Their failure comes as weeks of haggling to form a new government lie ahead, possibly opening the way for renewed violence and instability as the US is preparing to withdraw all its troops from the country.
The list of candidates who made it into the 325-member Parliament were surprising for the absence of several household names of the faction-ridden politics of the past few years.
Those who didn't make the cut included the powerful Ali Al-Lami of the Shiite religious bloc, who led a government vetting panel that banned about 450 candidates, mostly Sunnis, from running in the elections for alleged ties to Saddam Hussein's old party.
Defense Minister Abdul-Qadir Al-Obeidi and national security adviser Mouwaffaq Al-Rubaie were also not re-elected. Neither was veteran Sunni politician Adnan Pachachi, an elderly statesman from a prominent Baghdad family. Pachachi, in his 80s, had been rarely attending Parliament sessions.
For the first time, Iraqis had the chance to vote for individual candidates, instead of just political parties, on an open ballot sheet, allowing them to choose — or vote out — certain individuals.
The result was that many of the movers and shakers in the halls of government and parliament found that they didn't have any support among the voters.
Meanwhile, Prime Minister Nuri Al-Maliki, whose election list didn't receive the most seats, rebuked the United Nations for not backing his demand for a recount.
The demand is part of Al-Maliki's campaign to challenge election results showing him a close second to his chief rival, the secular Ayad Allawi, who received backing from both Sunnis and Shiites.
In remarks to the private Al-Sumariya TV late Sunday, Al-Maliki criticized the UN mission in Iraq, which had said that the voting was transparent and fair, with no widespread fraud.
He reprimanded UN envoy Ad Melkert for not pushing the electoral commission to approve the recount request for what Al-Maliki's bloc has contended were irregularities and vote rigging.
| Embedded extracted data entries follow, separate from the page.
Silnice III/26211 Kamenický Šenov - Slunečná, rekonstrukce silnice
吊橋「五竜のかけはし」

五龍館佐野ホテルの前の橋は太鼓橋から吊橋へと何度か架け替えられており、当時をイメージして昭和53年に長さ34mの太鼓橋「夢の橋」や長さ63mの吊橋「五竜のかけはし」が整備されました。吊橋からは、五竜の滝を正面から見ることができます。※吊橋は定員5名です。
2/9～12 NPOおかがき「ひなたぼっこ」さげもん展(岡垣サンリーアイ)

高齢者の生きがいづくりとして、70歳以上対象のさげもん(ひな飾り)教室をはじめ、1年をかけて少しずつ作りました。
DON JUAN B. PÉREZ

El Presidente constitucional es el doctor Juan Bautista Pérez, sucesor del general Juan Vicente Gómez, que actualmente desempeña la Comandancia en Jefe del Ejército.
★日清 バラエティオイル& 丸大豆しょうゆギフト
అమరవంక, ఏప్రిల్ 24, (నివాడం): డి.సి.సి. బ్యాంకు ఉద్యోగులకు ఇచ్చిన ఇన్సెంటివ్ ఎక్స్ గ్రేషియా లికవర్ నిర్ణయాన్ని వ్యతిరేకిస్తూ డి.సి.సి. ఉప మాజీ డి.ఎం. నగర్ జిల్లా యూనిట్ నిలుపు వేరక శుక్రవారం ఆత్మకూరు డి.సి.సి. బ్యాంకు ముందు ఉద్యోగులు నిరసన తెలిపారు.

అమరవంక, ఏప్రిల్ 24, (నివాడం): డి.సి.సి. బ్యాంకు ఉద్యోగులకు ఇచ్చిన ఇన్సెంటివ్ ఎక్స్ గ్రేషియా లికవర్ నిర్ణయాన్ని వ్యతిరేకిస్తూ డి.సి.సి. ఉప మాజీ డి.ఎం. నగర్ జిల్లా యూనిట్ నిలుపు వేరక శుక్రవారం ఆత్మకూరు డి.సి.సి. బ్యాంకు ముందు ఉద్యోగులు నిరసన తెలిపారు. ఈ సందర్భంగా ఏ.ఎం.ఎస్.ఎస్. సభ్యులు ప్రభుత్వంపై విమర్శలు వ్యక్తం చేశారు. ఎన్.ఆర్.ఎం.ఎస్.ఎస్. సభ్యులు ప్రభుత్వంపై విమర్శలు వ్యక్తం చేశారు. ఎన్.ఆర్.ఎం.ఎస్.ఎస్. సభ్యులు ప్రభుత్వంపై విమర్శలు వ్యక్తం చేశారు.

The commission, an independent body appointed by Parliament, rejected the demand as unnecessary.
“The UN should have further encouraged the commission to carry out a recount,” he said.
A public information officer for UN in Iraq, Randa Jamal, said Monday that the UN only advises Iraq institutions “at the invitation of the government on an impartial basis” while the electoral commission has “sole decision-making power.” Neither Allawi's Iraqiya, with 91 seats, nor Al-Maliki's State of Law with 89, have an outright majority, but Allawi should be entitled to the first shot at forging a ruling coalition.
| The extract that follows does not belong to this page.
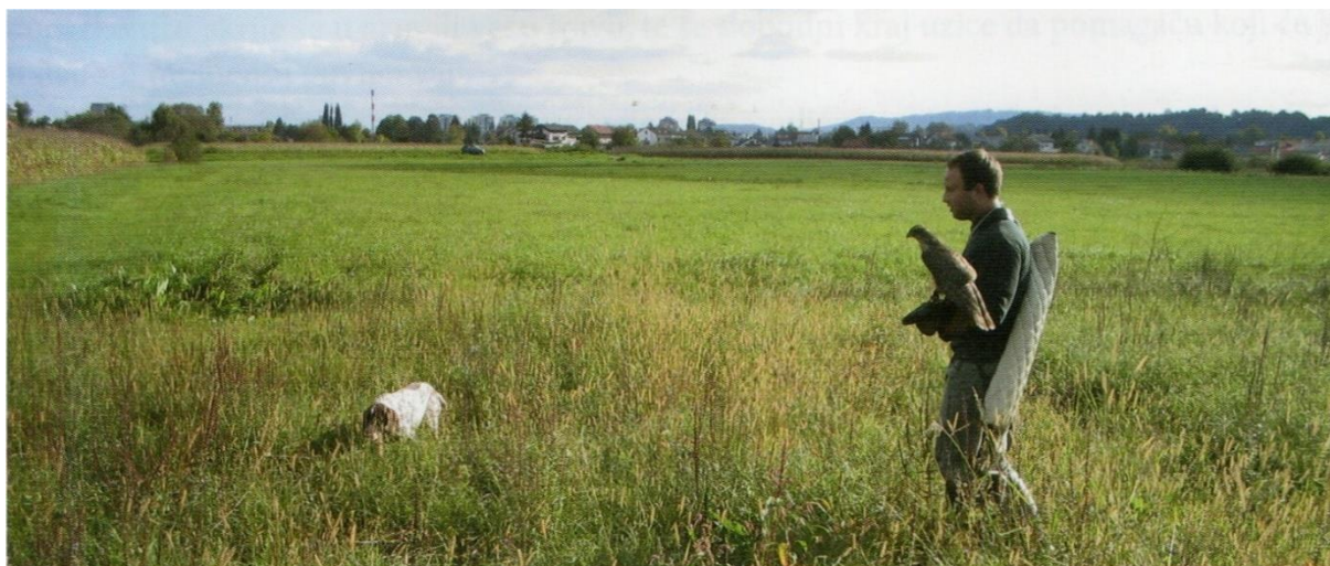
Slika 26. Lov s ruke sa jastrebom i psom ptičarom.

Osim ptičara, mogu se koristiti i psi šunjkavci koji neće markirati divljač, već će ju podizati u krugu od dvadesetak metara (ŠEGRT, 2006.).

In a legal push, Al-Maliki extracted a Supreme Court decision just before the election results were released on Friday allowing for alliances formed after the elections to form the next government.
There has also been a push to have 50 candidates, mostly from Allawi's list, disqualified over alleged ties to Saddam Hussein's regime. Al-Maliki has also opened negotiations with both Iraq's Kurdish Alliance and the Shiite religious bloc, two major groups whose votes he will need for any future government.
Meanwhile, in another development, two car bombs struck the Iraqi city of Kerbala on Monday, killing five people and wounding 64 others, authorities said.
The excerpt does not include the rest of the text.